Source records
——————————
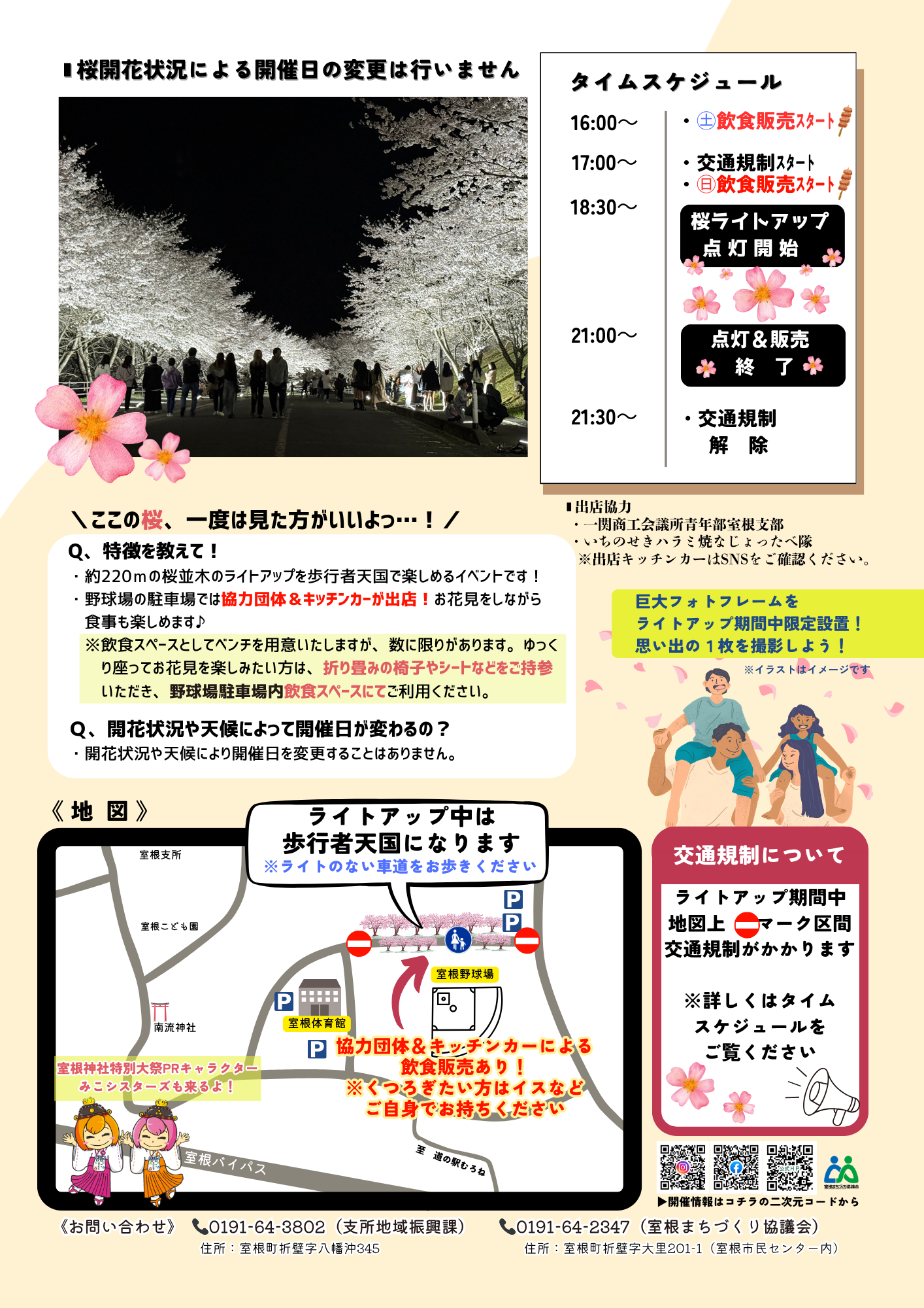 また、ライトアップ中は歩行者天国となりますので、室根野球場付近桜並木220m区間において17時00分から21時30分まで交通規制がかかります。
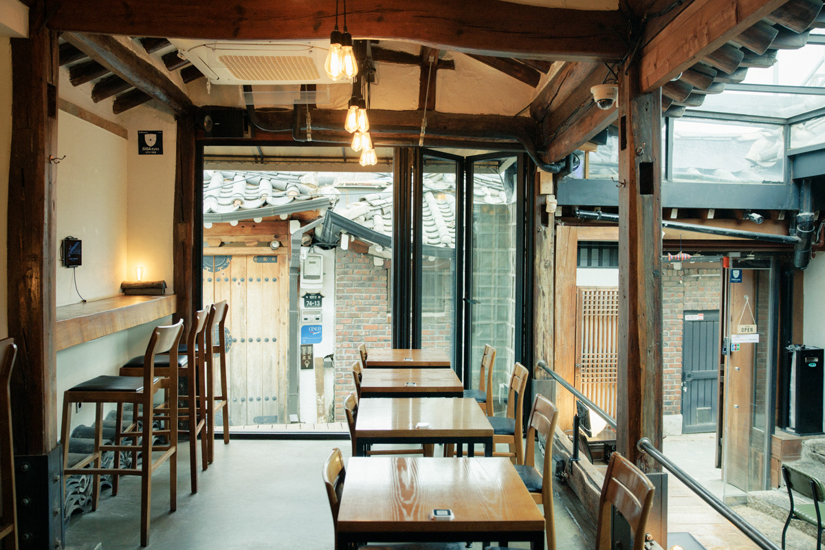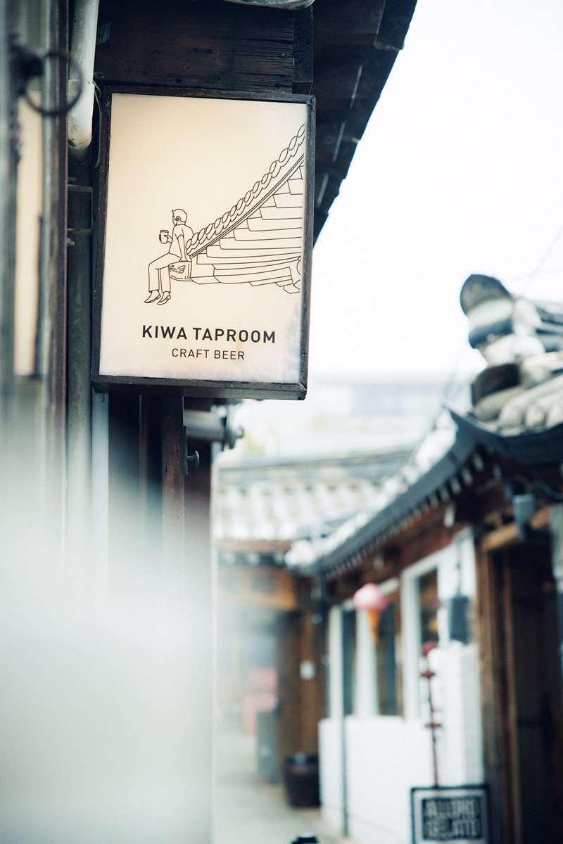 住居兼服飾工房だった韓屋が、カジュアルに利用できるタップルームとして再生。中庭を備えた韓国古来の間取りを活かし、サンルームのように光を取り込む設計に。小上がりにも座椅子を置くなど段差も巧みに活用し、空間のあちこちにゲストの居場所を作っている。用意するのは、自社醸造の〈EULJIRO BREWING(ウルチロ ブルーイング)〉のクラフトビールをはじめ、常時6種ほど。セリとエビのチヂミ21,000ウォンなどフードは、ボリュームがあるのでおつまみにも、食事にも。路地裏に隠れた最高のチルスポットで、昼から一杯。
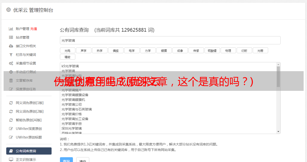 一键伪原创生成原创文章_是真的吗?一键伪原创生成原创文章_是真的吗?邵捏一键伪原创生成原创文章_是真的吗?小发狗一键伪原创原创文章是真的吗?优采云
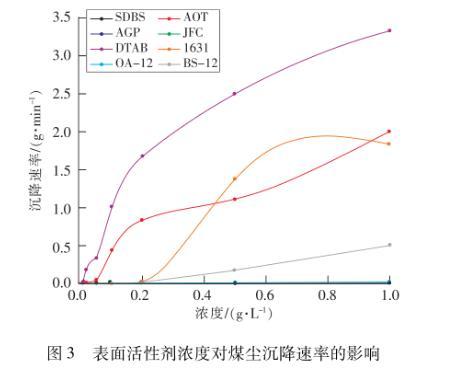 由表4和圖3可以看到,當(dāng)濃度為0.1 g/L時(shí),煤塵在AOT和APG溶液中的沉降時(shí)間不到1 min,而在陽離子和兩性型表面活性劑溶液中的沉降時(shí)間超過1 h。在同一濃度下,煤塵在不同表面活性劑溶液中的沉降時(shí)間相差較大,表面活性劑自身性質(zhì)影響潤濕煤塵的作用。當(dāng)濃度增大到各表面活性劑的臨界膠束濃度附近時(shí),煤塵在陰離子和非離子表面活性劑中的沉降時(shí)間會(huì)急劇下降,縮短至5 min之內(nèi),但在陽離子和兩性型表面活性劑中沉降時(shí)間依然大于1 h。總體而言,8種表面活性劑潤濕煤塵的能力由強(qiáng)到弱依次排序?yàn)椋篈PG>AOT>JFC>SDBS>OA-12>BS-12>1631>CTAB,這與表面活性劑降低表面張力的能力排序基本一致。陽離子表面活性劑潤濕煤塵效果最差,主要是因?yàn)橛H水頭基的正電荷與煤塵所帶負(fù)電荷之間的靜電力大于疏水基團(tuán)之間的范德華力,形成了親水基團(tuán)朝向煤塵表面、疏水基團(tuán)朝向水的單分子膜,不利于潤濕。APG潤濕煤塵效果最好主要與其自身結(jié)構(gòu)有關(guān),APG分子結(jié)構(gòu)碳原子上的醇羥基與水分子之間存在強(qiáng)烈相互作用,間接弱化了烷基糖苷分子結(jié)構(gòu)中親水基團(tuán)與煙煤表面含氧親水官能團(tuán)之間的吸附作用,更有利于疏水基團(tuán)與煤塵表面的疏水基團(tuán)發(fā)生強(qiáng)烈相互作用,以親水頭基伸向溶液,疏水尾部吸附在煤塵上的方式排列,降低了溶液及固-液界面張力,增加了煤塵親水性。APG濃度達(dá)到0.02 g/L時(shí),煤塵沉降時(shí)間僅為057 min,沉降速率為0.18 g/min,潤濕煤塵效果良好,當(dāng)濃度繼續(xù)增大,潤濕煤塵作用變化不大,綜合考慮成本及效率后,選擇濃度為0.02 g/L的APG作為低階煤用噴霧抑塵法的添加劑。
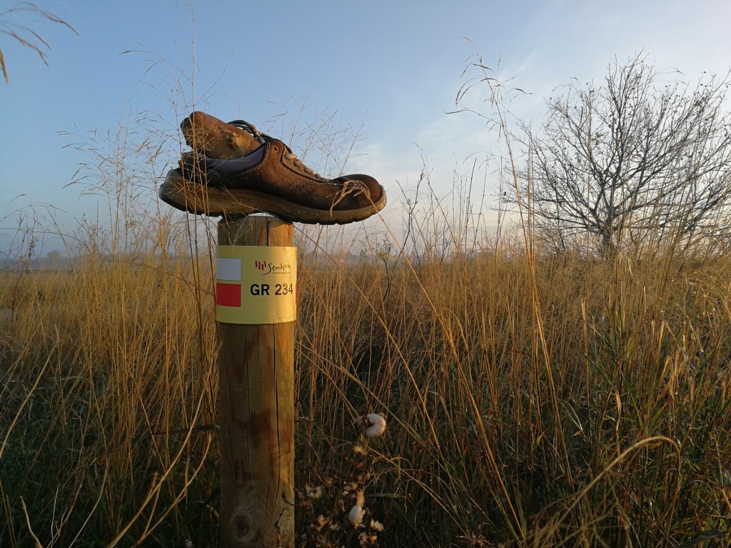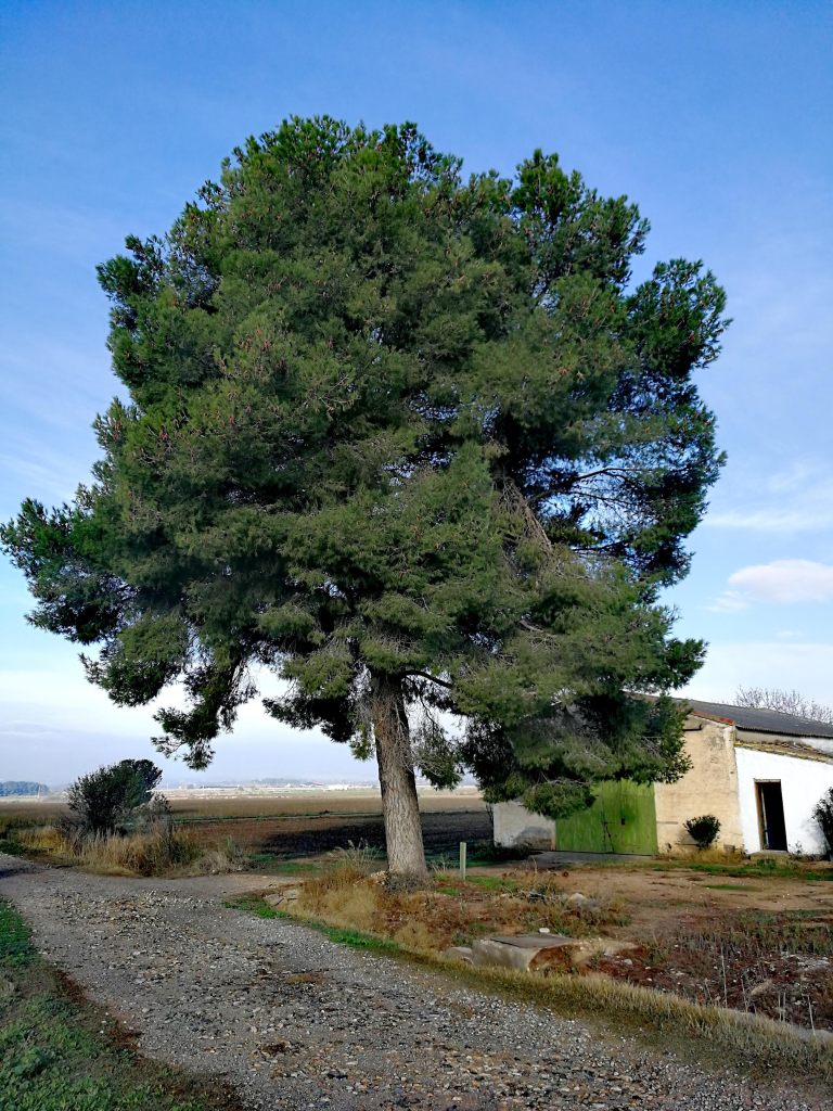 Giramos a la derecha por el camino de la acequia y a los pocos metros tomamos un camino a la izquierda en dirección a las vías del tren. En este camino podemos ver junto a una caseta un pino de grandes dimensiones, que fue plantado en 1978 por Javier Lanas, del equipo de Zufariada. Al llegar a la altura de las vías, conectamos con el GR-234 “Camino de la Jorgeada” y lo recorremos unos pocos metros en dirección Zuera, hasta que nos desviamos a la derecha para cruzar el puente sobre las vías del tren.
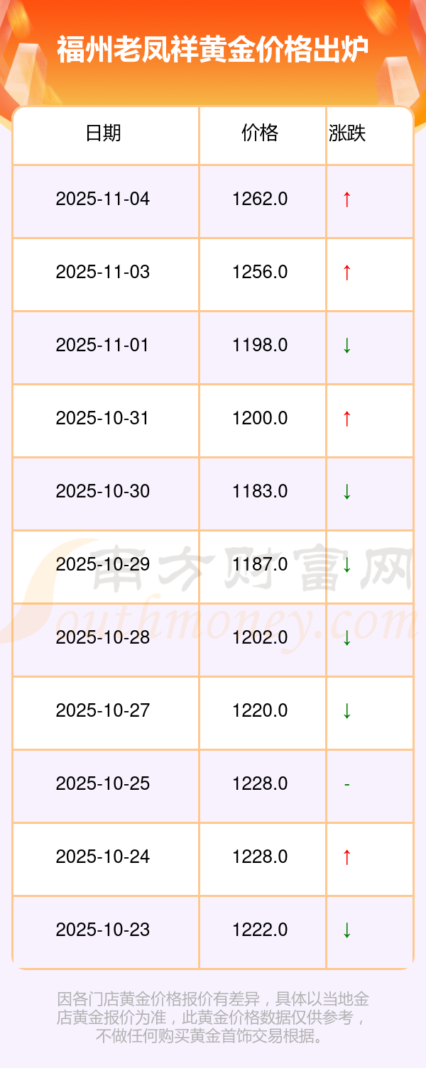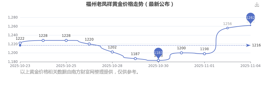 今日福州老凤祥黄金价格最新为:1262.0元/克。
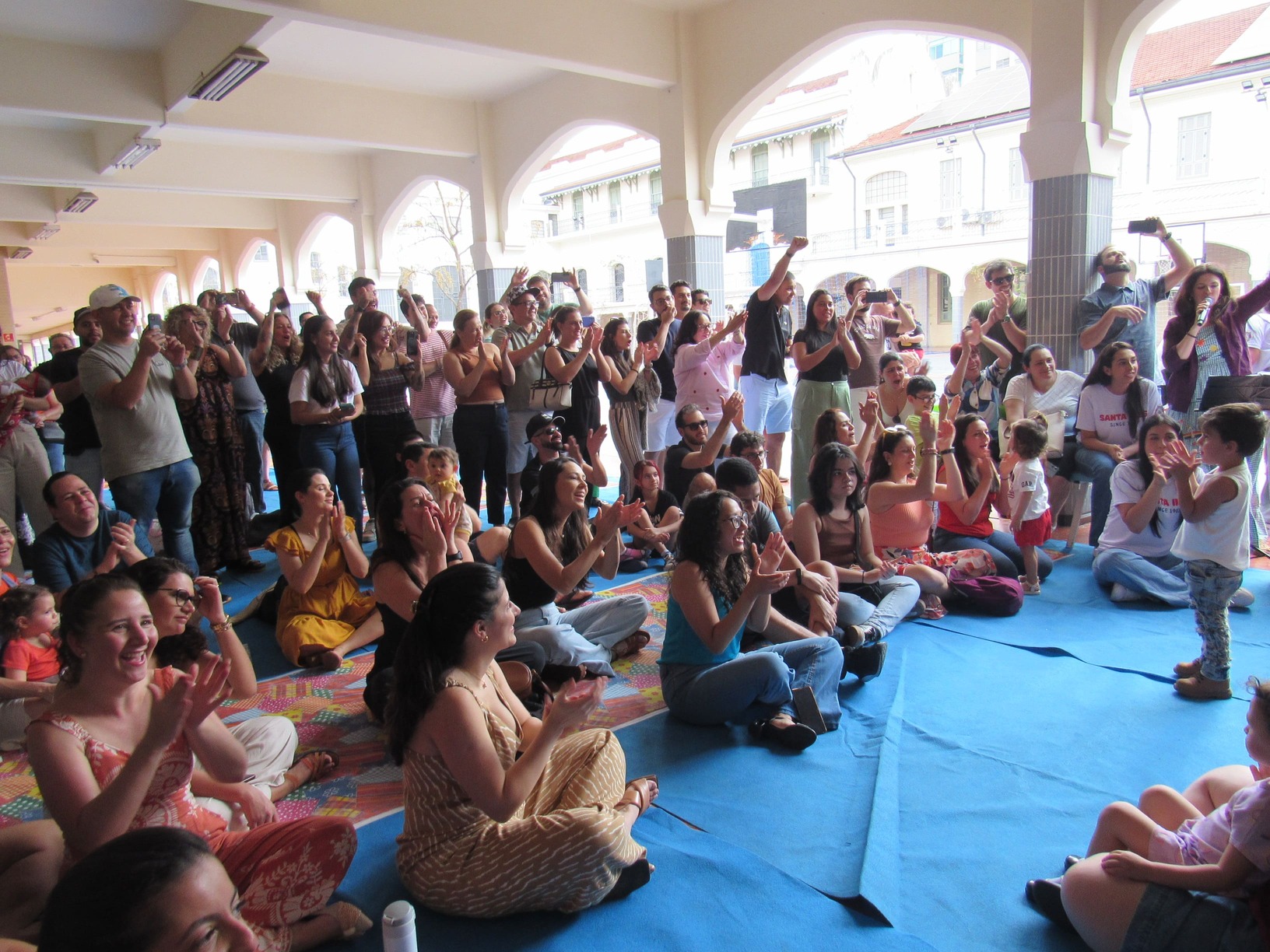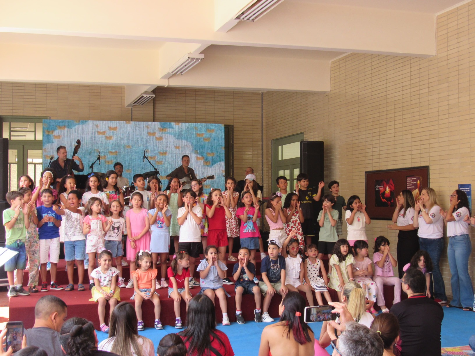 Logo após essa dinâmica entre banda, crianças e familiares, chegou a parte mais esperada por todos: os estudantes subiram ao palco para apresentar, junto com a banda, algumas das canções do projeto e também músicas em língua inglesa, selecionadas e ensaiadas pelos professores do Programa de Educação Bilíngue do Colégio. O público sorriu, cantou junto e se emocionou ao acompanhar a evolução de cada criança durante o processo.
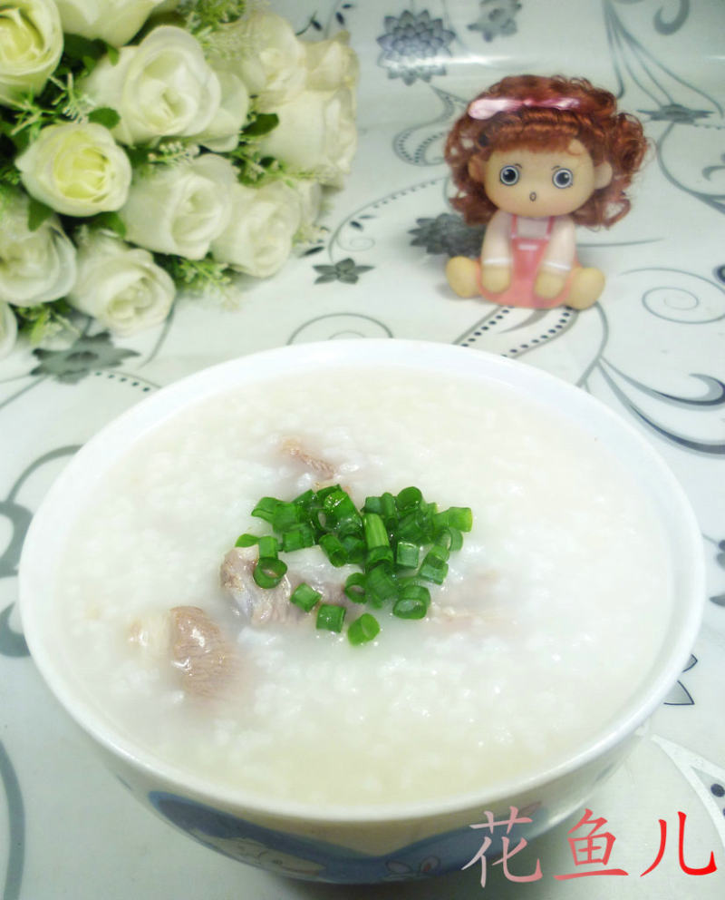 1:材料:大米(已淘洗)、排骨(已焯水)、葱花
——————————
## [Exercise]
The line with "今日福州老凤祥黄金价格最新为:1262.0元/克。" marks the end: restate word for word every line from the top of the data through that one, omitting pictures.

## [Solution]
 また、ライトアップ中は歩行者天国となりますので、室根野球場付近桜並木220m区間において17時00分から21時30分まで交通規制がかかります。
 住居兼服飾工房だった韓屋が、カジュアルに利用できるタップルームとして再生。中庭を備えた韓国古来の間取りを活かし、サンルームのように光を取り込む設計に。小上がりにも座椅子を置くなど段差も巧みに活用し、空間のあちこちにゲストの居場所を作っている。用意するのは、自社醸造の〈EULJIRO BREWING(ウルチロ ブルーイング)〉のクラフトビールをはじめ、常時6種ほど。セリとエビのチヂミ21,000ウォンなどフードは、ボリュームがあるのでおつまみにも、食事にも。路地裏に隠れた最高のチルスポットで、昼から一杯。
 一键伪原创生成原创文章_是真的吗?一键伪原创生成原创文章_是真的吗?邵捏一键伪原创生成原创文章_是真的吗?小发狗一键伪原创原创文章是真的吗?优采云
 由表4和圖3可以看到,當(dāng)濃度為0.1 g/L時(shí),煤塵在AOT和APG溶液中的沉降時(shí)間不到1 min,而在陽離子和兩性型表面活性劑溶液中的沉降時(shí)間超過1 h。在同一濃度下,煤塵在不同表面活性劑溶液中的沉降時(shí)間相差較大,表面活性劑自身性質(zhì)影響潤濕煤塵的作用。當(dāng)濃度增大到各表面活性劑的臨界膠束濃度附近時(shí),煤塵在陰離子和非離子表面活性劑中的沉降時(shí)間會(huì)急劇下降,縮短至5 min之內(nèi),但在陽離子和兩性型表面活性劑中沉降時(shí)間依然大于1 h。總體而言,8種表面活性劑潤濕煤塵的能力由強(qiáng)到弱依次排序?yàn)椋篈PG>AOT>JFC>SDBS>OA-12>BS-12>1631>CTAB,這與表面活性劑降低表面張力的能力排序基本一致。陽離子表面活性劑潤濕煤塵效果最差,主要是因?yàn)橛H水頭基的正電荷與煤塵所帶負(fù)電荷之間的靜電力大于疏水基團(tuán)之間的范德華力,形成了親水基團(tuán)朝向煤塵表面、疏水基團(tuán)朝向水的單分子膜,不利于潤濕。APG潤濕煤塵效果最好主要與其自身結(jié)構(gòu)有關(guān),APG分子結(jié)構(gòu)碳原子上的醇羥基與水分子之間存在強(qiáng)烈相互作用,間接弱化了烷基糖苷分子結(jié)構(gòu)中親水基團(tuán)與煙煤表面含氧親水官能團(tuán)之間的吸附作用,更有利于疏水基團(tuán)與煤塵表面的疏水基團(tuán)發(fā)生強(qiáng)烈相互作用,以親水頭基伸向溶液,疏水尾部吸附在煤塵上的方式排列,降低了溶液及固-液界面張力,增加了煤塵親水性。APG濃度達(dá)到0.02 g/L時(shí),煤塵沉降時(shí)間僅為057 min,沉降速率為0.18 g/min,潤濕煤塵效果良好,當(dāng)濃度繼續(xù)增大,潤濕煤塵作用變化不大,綜合考慮成本及效率后,選擇濃度為0.02 g/L的APG作為低階煤用噴霧抑塵法的添加劑。
 Giramos a la derecha por el camino de la acequia y a los pocos metros tomamos un camino a la izquierda en dirección a las vías del tren. En este camino podemos ver junto a una caseta un pino de grandes dimensiones, que fue plantado en 1978 por Javier Lanas, del equipo de Zufariada. Al llegar a la altura de las vías, conectamos con el GR-234 “Camino de la Jorgeada” y lo recorremos unos pocos metros en dirección Zuera, hasta que nos desviamos a la derecha para cruzar el puente sobre las vías del tren.
 今日福州老凤祥黄金价格最新为:1262.0元/克。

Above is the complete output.